Appreciating a Growth Oriented Environment

Rabbi Yonatan Kaganoff has an article called The Post Yeshiva Synagogue on Gil Student’s blog. You can read the article and formulate your own opinions on Rabbi Kaganoff’s hypothesis, but I thought the following comment excerpt from Ari Heitner on May 21, 2013 at 8:58 pm made some very important points:

The kollel/beis medresh is a place that’s busy all the time, not a shul that’s dead except for an hour twice a day and a few hours on Shabbos. It’s a place where people who learned for years in yeshiva study together with people new to serious Torah scholarship. It’s a place full of people participating in their Yiddishkeit rather than just passively consuming it. It’s a place where people who work hard all day still show their primary focus is Torah, and a place that sets the tone as a community of people growing rather than stagnating. It’s a place with an active N’shei and a community that extends far beyond the four walls of the building.

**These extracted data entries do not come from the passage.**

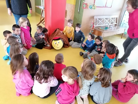 Ahir ens va arribar un missatge de veu molt especial, era un tió molt vellet que ens deia que havia enviat una tiona cap a l’escola d’Olost però que havia trobat totes les portes tancades i ens demanava si la podíem ajudar. Vam estar buscant pel pati, davant del gimnàs, per tot arreu i després d’una estona va aparèixer ben enfredorit darrere un banc. De seguida el vam portar al vestíbul, el vam abrigar amb una manta i li vam posar aigua i menjar.
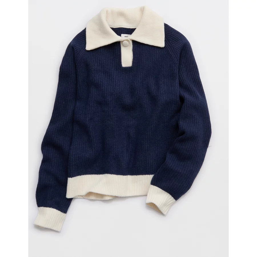 Aerie Classic Quarter Button Sweater - Deep Earth
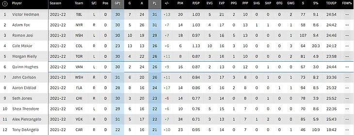 Самый результативный защитник – Девон Тейвс (2+14 в 11 играх). Мистер Сакик продолжает соревноваться со своим вечным соперником Стивом Айзерманом и на поприще генерального менеджера, урвав Тейвса всего за два пика второго раунда и подписав контракт менее чем на 4 млн. Хедман второй по результативности (4+10), но у него больше игр, чем у группы ближайших преследователей – Макара, Райлли и Фокса.

It is a kid-friendly, female-friendly, family-friendly social and cultural Jewish Center. And it shows that the social and cultural center of Judaism is Torah study.

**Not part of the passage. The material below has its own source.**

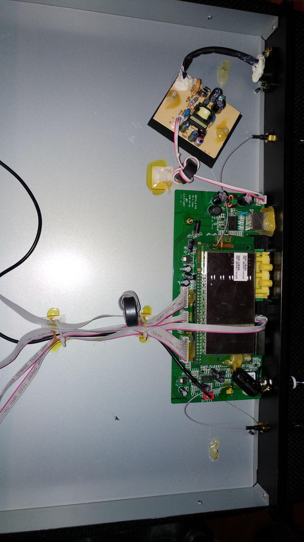 Brzegi blach wewnątrz (ostrzeżenie dla serwisantów) są ostre i trzeba uważać, podstawowym składnikiem masy sprzętu (żeby klient wiedział za co płaci) jest klej na ciepło, który w moim mniemaniu ma zabezpieczyć wypadnięcie wtyczki z gniazda, albo urwanie przewodu wymierzonego co do milimetra, albo być potwierdzeniem KJ w kitajskiej fabryce.

(Oh yeah, they also have davening there)

My experience in our growth oriented Shul on Shabbos/Weekday Beis Medrash confirms Ari’s conclusion that creating a community of people growing is the key to success. I would just add that two important components of that growth are the Shul’s chesed activities and a competent Rav to guide people on their individual growth paths.

I think the major change that has occurred in Shuls over the years is that many more people have become growth oriented. The increase in Yeshiva graduates and BTs has helped fuel this growth. This is an extremely positive development, however Shuls that don’t evolve to accommodate this new reality will face difficulties ahead.

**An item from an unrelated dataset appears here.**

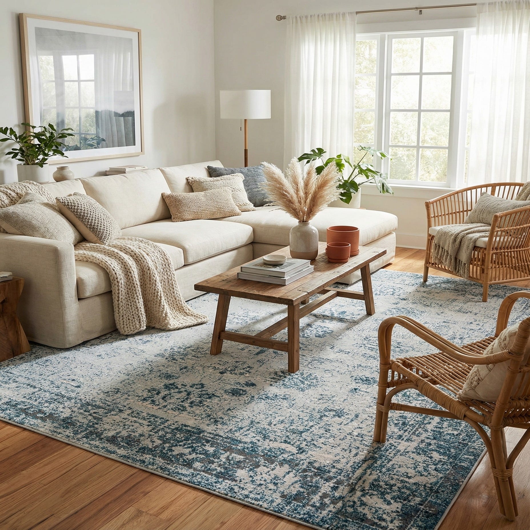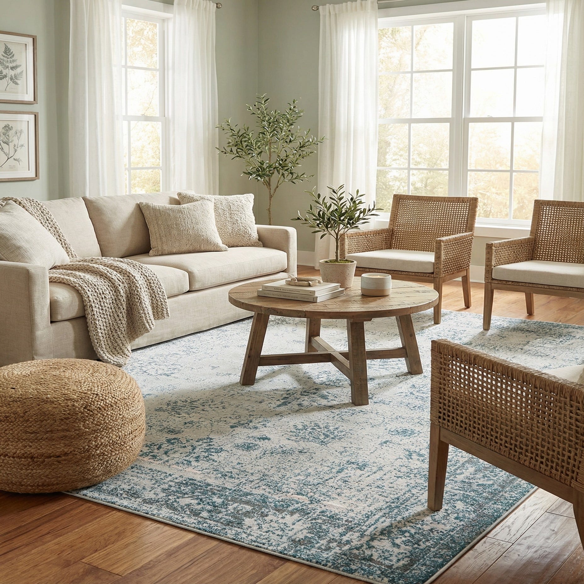 This rug works well in coastal and transitional interiors where a light, airy palette is desired—place it beneath a white linen sofa and a natural wood coffee table for a relaxed living room, or use it to soften hardwood floors in a bedroom layered with neutral bedding and textured throws. It also pairs nicely with navy or gray accent pieces in modern farmhouse or contemporary settings, and can anchor a dining area when you want pattern that’s understated rather than bold.

2 thoughts on “Appreciating a Growth Oriented Environment”

  1. “…Shuls that don’t evolve to accommodate this new reality will face difficulties ahead.”
    That’s the money quote and the primary reason my family is Shul shopping for sustainability. While our Shul is the evening home of a vibrant Kollel, it is still a place that some go to for davening. It an issue of where the membership wants to place emphasis.

    1. Many older Shuls were not built on a foundation of growth, and it’s hard to change a foundation.

      Over the years our Shul has evolved from primarily a davening and social center to primarily a learning and growth center. But as we changed there were people who objected to the fact that the Shul was turning into a “Beis Medrash”. I think people now see that you can have it all: davening, social, learning, chesed and growth, but the foundation needs to be learning and growth.